Aşı uygulamasından önceki aylarda, test edilen süt örneklerinde, bulaşıcı (contagious) mastitis meydana getiren mikroorganizma bulunmamıştır (S. aureus, Str. agalactiae, Mycoplasma spp.). MASTİVAC, çiftlikteki her ineğe yirmi gün ara ile iki doz şeklinde inek başına 5 ml. olarak aynı zamanda uygulanmıştır.
Aşılamayı takiben 6 ay boyunca Resmi Süt Kontrol Kurumu görevlisi tarafından sağlanan veri ile bir izleme uygulamaktayız (Çiftlikteki her inekten süt örnekleri, aylık bazda toplanmış ve Somatik Hücre Sayısı, yağ ve protein için test edilmiştir. Bağımsız örgüt tarafından süt endüstrisi, damızlık birliği ve hükümet işbirliğinde gerçekleştirilmiştir). Çiftlikteki her bir ineğin aşılamadan 6 ay önceki verileri ile toplanan veriler karşılaştırılmıştır.
Sonuç ve Tartışma
1. Çiftlik
Aşılamadan önceki aylarda, (ortalama) 600,000 hücre/ml. olan Somatik Hücre Sayısı aşılamayı takip eden aylarda 350,000 hücre/ml.’ye düşmüştür. Somatik Hücre Sayısında sadece bir ay sonra görülen bu azalma önemlidir (tank sütü – SHS=400,000). Ayrıca, aşılama öncesi gözlenen pik değerine kıyasla, aşılamayı takip eden aylar boyunca Somatik Hücre Sayısının pik değerindeki azalma dikkati çeker. Aşılamadan sonra MASTİVAC uygulaması sonrasındaki aylarda, sütteki yağın % 4.02’den % 4.16’ya artışı gözlemlendi.
SOMATİK HÜCRE SAYISI DEĞERLENDİRMESİ
YAĞ
2. Bireysel
Aşılamadan önce Somatik Hücre Sayısı 800,000 hücre/ml. den fazla olan ineklerin sayısı ortalama % 15.3 iken aşılamadan sonra % 5.7’ye düşmüş ve bunun yanında Somatik Hücre Sayısı 200,000 hücre/ml. olan ineklerin sayısı artmıştır.
Somatik Hücre Sayısı yüksek olan ineklerin sayısındaki bu azalma, tank sütündeki Somatik Hücre Sayısının da düşmesine neden olmuştur.

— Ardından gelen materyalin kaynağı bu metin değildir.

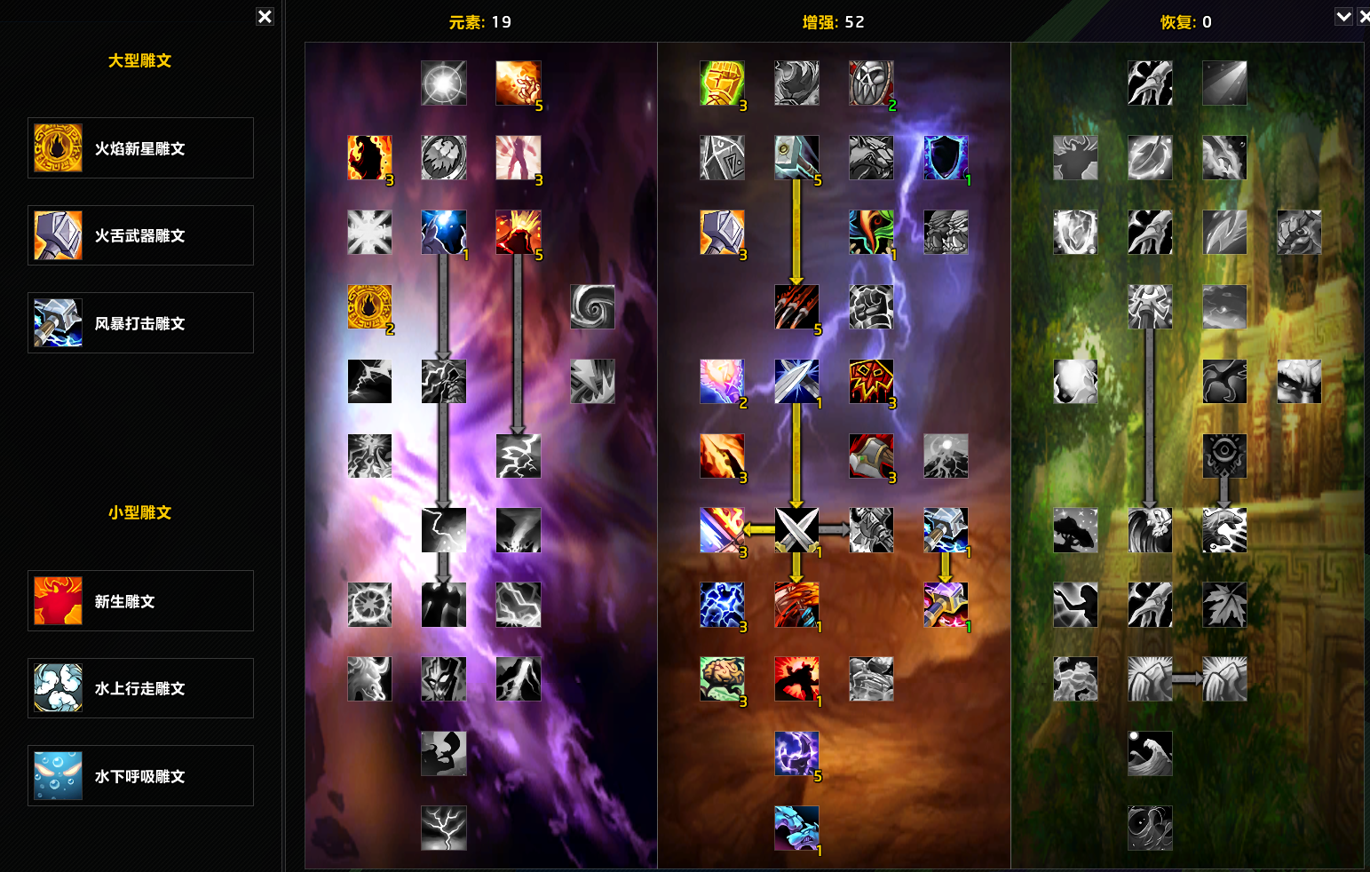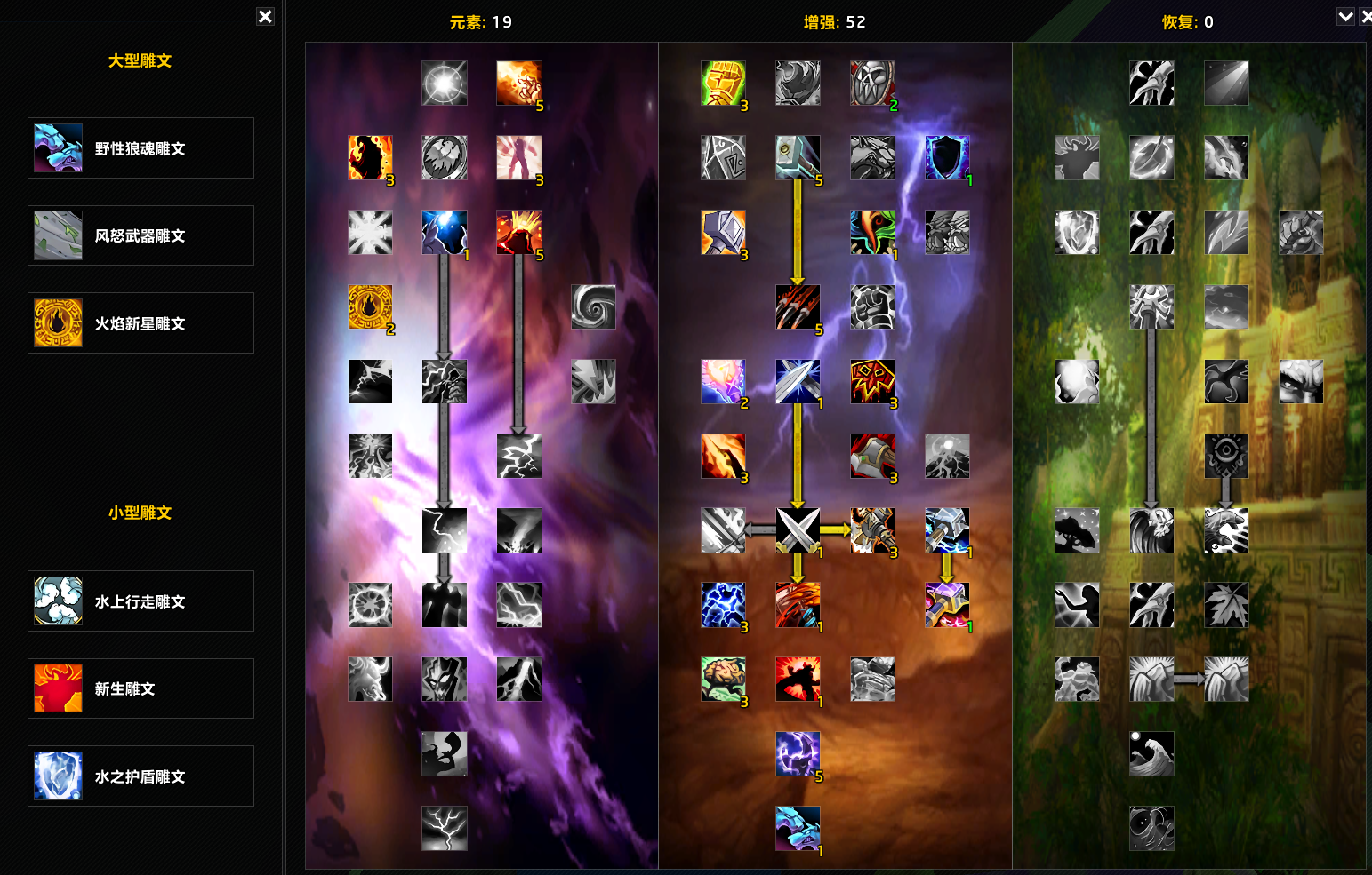 增强第1排第1个“强化图腾”,只要你的装备到P2级别,对你个人的收益已经不如第3个“先祖知识”,可以移过去点满智力,但对团队收益来说,还是建议点“强化图腾”

SOMATİK HÜCRE SAYISI ARALIKLARI VE HAYVAN SAYISI YÜZDESİ
Sonuç
Ortam kaynaklı mastitis problemleri meydana gelen sürülerde MASTİVAC ile aşılama sonucunda:
I. Somatik Hücre Sayısı yüksek olan ineklerin sayısında azalma.
II. Tank sütündeki Somatik Hücre Sayısının azalması.

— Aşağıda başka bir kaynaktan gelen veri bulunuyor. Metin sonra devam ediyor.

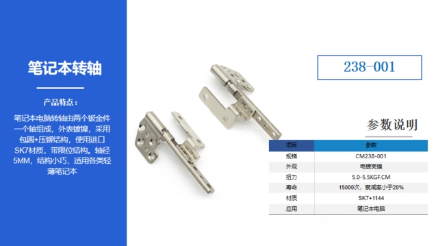 推薦2-經(jīng)典筆記本轉(zhuǎn)軸238-001,筆記本電腦轉(zhuǎn)軸由兩個鈑金件一個軸組成,外表鍍鎳,采用包圓+壓鉚結(jié)構(gòu),使用進口SK7材質(zhì),帶限位結(jié)構(gòu)。軸徑5MM,結(jié)構(gòu)小巧,適用各類輕薄筆記本及工業(yè)筆記本顯示器
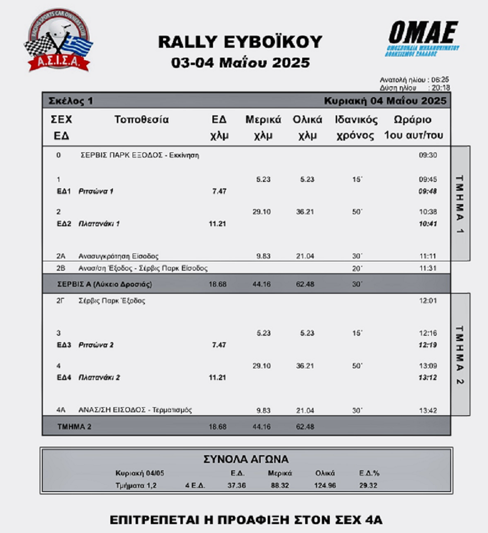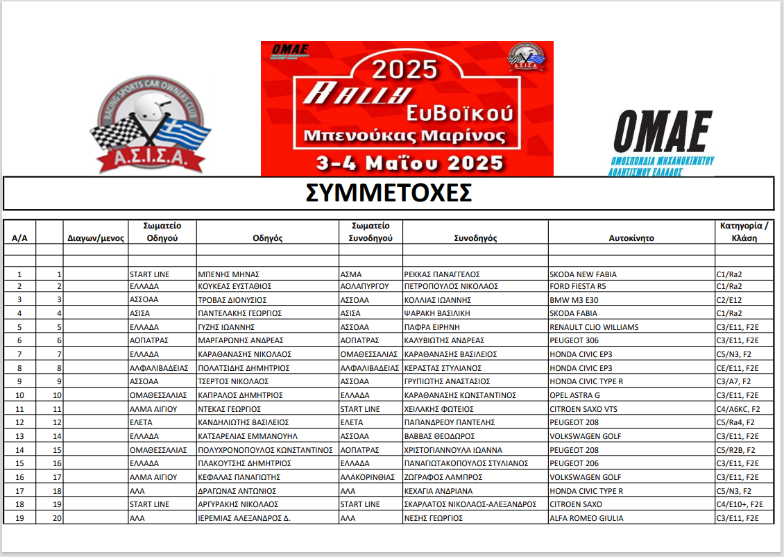Ο Διοικητικός και Τεχνικός Έλεγχος του Ράλι Ευβοϊκού «Μαρίνος Μπενούκας» θα διεξαχθεί το Σάββατο 3 Μαΐου από τις 14:30 έως τις 18:30 στις εγκαταστάσεις του Λυκείου Δροσιάς Χαλκίδας, ενώ την Κυριακή, το πρώτο αγωνιστικό αυτοκίνητο θα αναχωρήσει από το Service Park στις 09:30, προκειμένου να αγωνιστεί στην πρώτη ειδική διαδρομή του αγώνα, τη Ριτσώνα (09:48), μήκους 7.47 χλμ. Στη συνέχεια, τα πληρώματα θα αγωνιστούν στο Πλατανάκι (10:41), μήκους 11,21 χλμ. και θα επιστρέψουν στο Service Park στη Δροσιά Χαλκίδας για 30λεπτο Service. Έπειτα, θα κατευθυνθούν και πάλι για το δεύτερο πέρασμα από τις ειδικές διαδρομές Ριτσώνα (12:19) και Πλατανάκι (13:12). Οι απονομές θα πραγματοποιηθούν στο Λύκειο Δροσιάς Χαλκίδας την Κυριακή 4 Μαΐου στις 16:30.

III. Süt kalitesinin ve dolayısıyla süt fiyatının (kıymetinin) artması.
Elde edilen sonuçlar;
MASTİVAC uygulamasının, koliform mikroorganizmaların neden olduğu mastitisin kontrolünde, teknik ve ekonomik açıdan uygun olduğunu göstermiştir.